Baby Fatime is one of at least two dozen children holed up with mothers, grandmothers and other relatives in this makeshift shelter in the Homs neighborhood of Baba Amr.

Government forces have been shelling Homs since early February.

The families in the shelter have found relative safety but little comfort.

"We're not sleeping at night, we're not sleeping during the day," one mother howls, clad head to toe in black with her face covered by a niqab, an Islamic veil showing only her eyes.

"The children are always crying; the bombs are coming down like this," she laments, waving her arms for emphasis.

They huddle in near darkness, some covering their faces as they speak to me, afraid of losing more than they already have if the government learns who they are.

The room is filled with endless stories of death and despair.

One woman says her son has been detained since the end of August.
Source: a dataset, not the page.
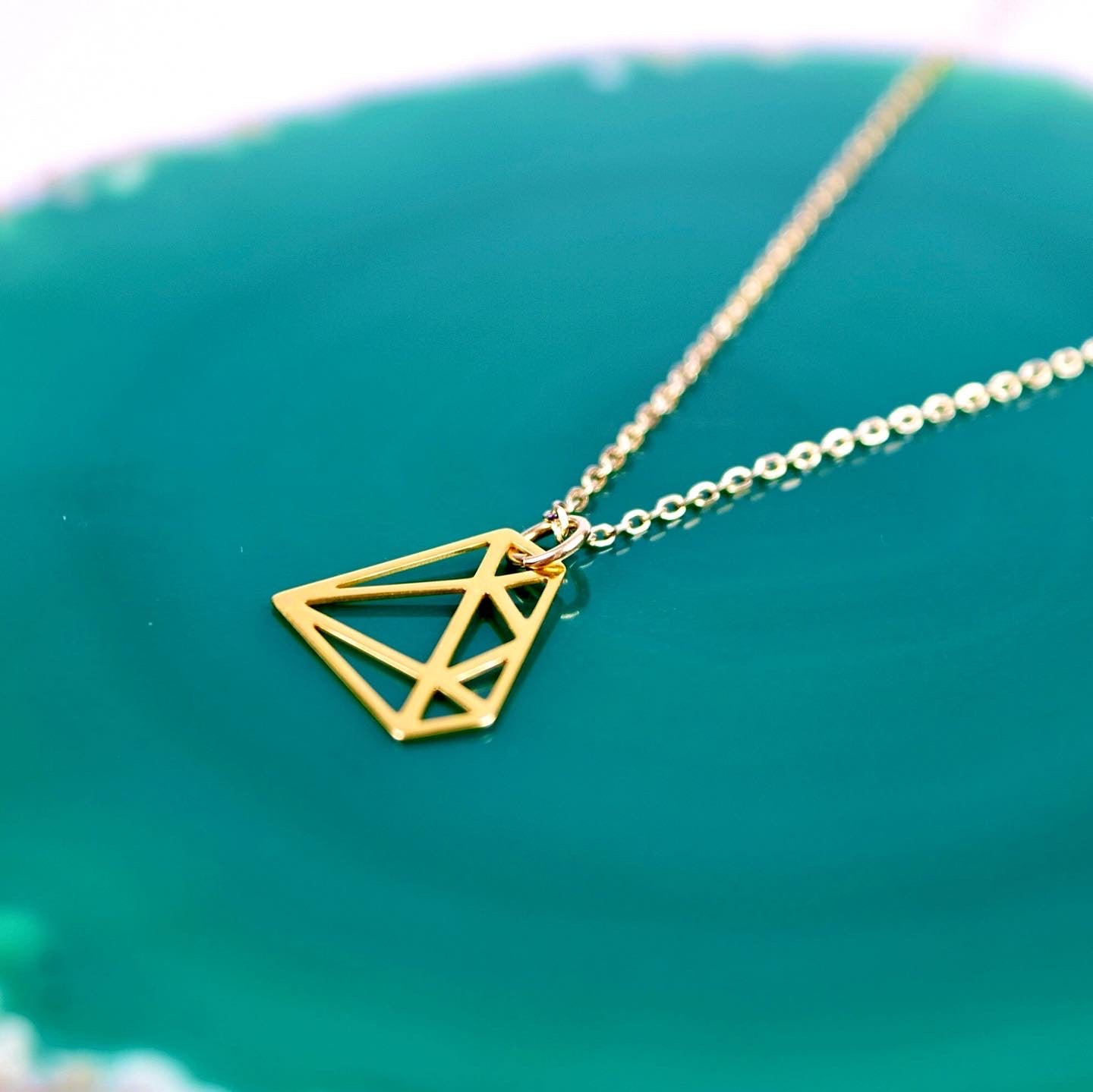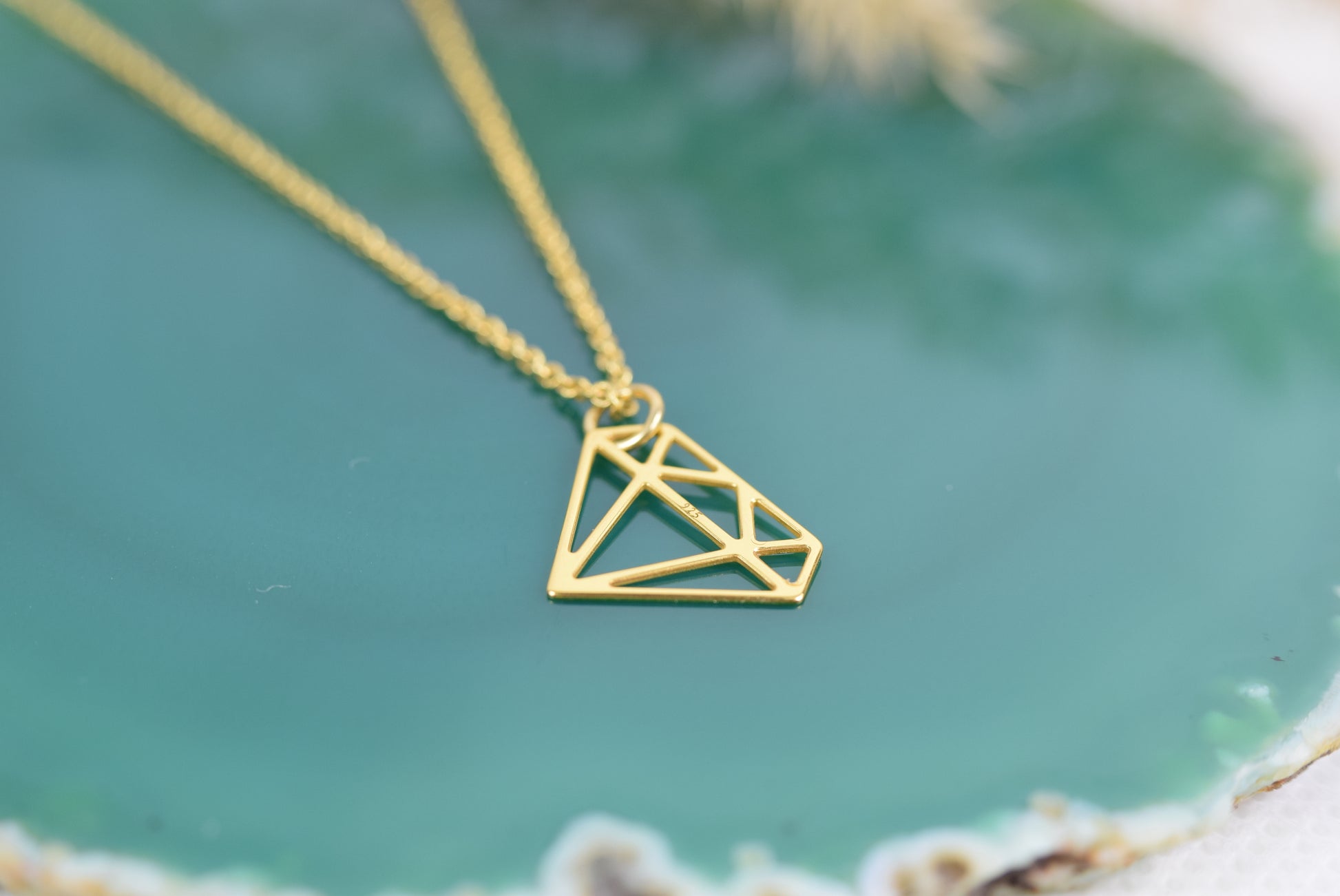 Kette echt Silber 925 vergoldet Diamantform, stilisierter Diamant, grafischer Diamant

Another says her son also has been held a month and a half.

A woman named Safaa says her brother and husband were killed when a round hit their home 10 days ago, but she can hardly pause to grieve.

"I have to keep going," she says. "I have to live for my children."

The families in the shelter survive on rice and lentils taken from a nearby government warehouse, but supplies are running low.

Activists gather about two dozen children for the camera and lead a song against the regime.

But the little ones are hard to comfort.

"My husband died on the first day of the bombing. They didn't let me see his body; it was shredded to pieces. His blood is still in the streets," says Umm Khidir, one of the mothers.

But her focus now is on her son. She says he is sick with a fever, and there's no medicine.

"He keeps crying and saying, 'I want daddy, I want daddy.' I can't bring his daddy back," she says, demanding to know why the world is not coming to their aid. "What is the world waiting for? For us to die of hunger and fear?"